My OH and I are both AE. Because of health reasons I have done little work. Probably lots of idle threats are made, but it would be fiscally suicidal to abolish the status, so unlikely. Think of what else we can do in a country where its own people are struggling? This is France, not a prosperous SE England county. Plain facts of life like the constitution, economics, fiscality and the very varied nature of the French themselves (it is actually a country with five or six languages alone, let alone varied dialects, cultures, traditions and all else). On Thursday whilst my daughter was having a riding class, I was listening to two men from the local farming community waiting for their granddaughters. They were talking, using Perigourdine scattered with Occitan, about how much worse the French are than the foreigners. They especially spoke critically about Parisians. What they were doing was referring to people from neither Aquitaine and more specifically from the Perigord in this country who they consider 'foreign' and the context used to refer to people such as ourselves who they do not mind as much was far more positive. What they were talking about was how the 'French' are taking every cent out of this region and using it in Paris to pay corrupt and uncaring politicians to misrule us. One was talking about his grandson with a master's degree who earns €16 an hour as a junior clinical psychologist, therefore commutes an hour each way to and from work because he cannot afford a place of his own. Taxes and travel mean he has nothing left to save or go out for a beer with friends. How, he was asking, will he ever meet a 'girl' and settle down.

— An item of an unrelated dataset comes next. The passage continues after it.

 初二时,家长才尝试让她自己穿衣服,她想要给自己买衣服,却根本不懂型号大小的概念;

That is the economy we live in. We chose it. If we don't like it we can pack up and go. However, reality is that for many of us the odds are stacked against making the kind of contribution to the economy you are suggesting.

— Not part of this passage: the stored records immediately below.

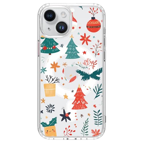 Idocolors for iPhone 15 Pro Case Christmas, Compatible with MagSafe, Xmas Crystal Clear Phone Case for Women and Girls, Slim Fit Transparent Shockproof Protective Phone Cover for iPhone 15 Pro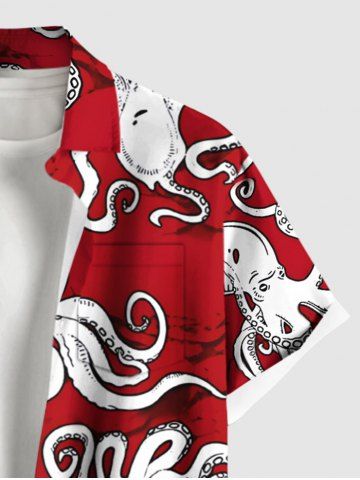 Plus Size Octopus Print Hawaii Button Pocket Shirt For Men - Red - M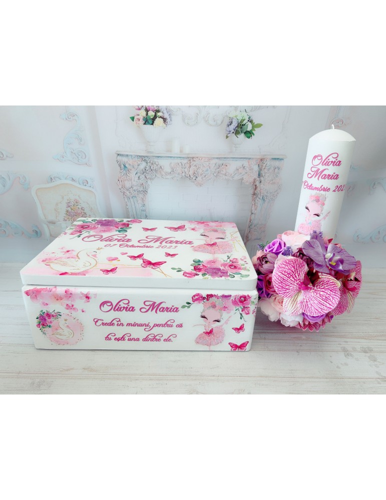 Trusou botez brodat si lumanare cu flori cu tematica balerina roz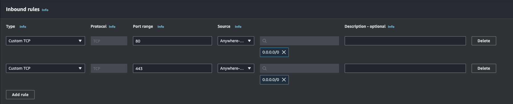 EC2 > Network & Security > Security Groups > Create security group

Sarkosy was rock and roll and it would have been better to stay with his wilder ways....

But Grhame Reynolds we need to move quicker even if it is in small doses.

Politics are not the answer....

MOVING in a positive direction....IS

Try to open a shop with other villagers....rent it;

Take over a premises and give it life.....

Auction rooms.....LOTS of unwanted goodies....provide a place to auction in you unwanted barn space.

Yes you will need insurance but do not let that stop you.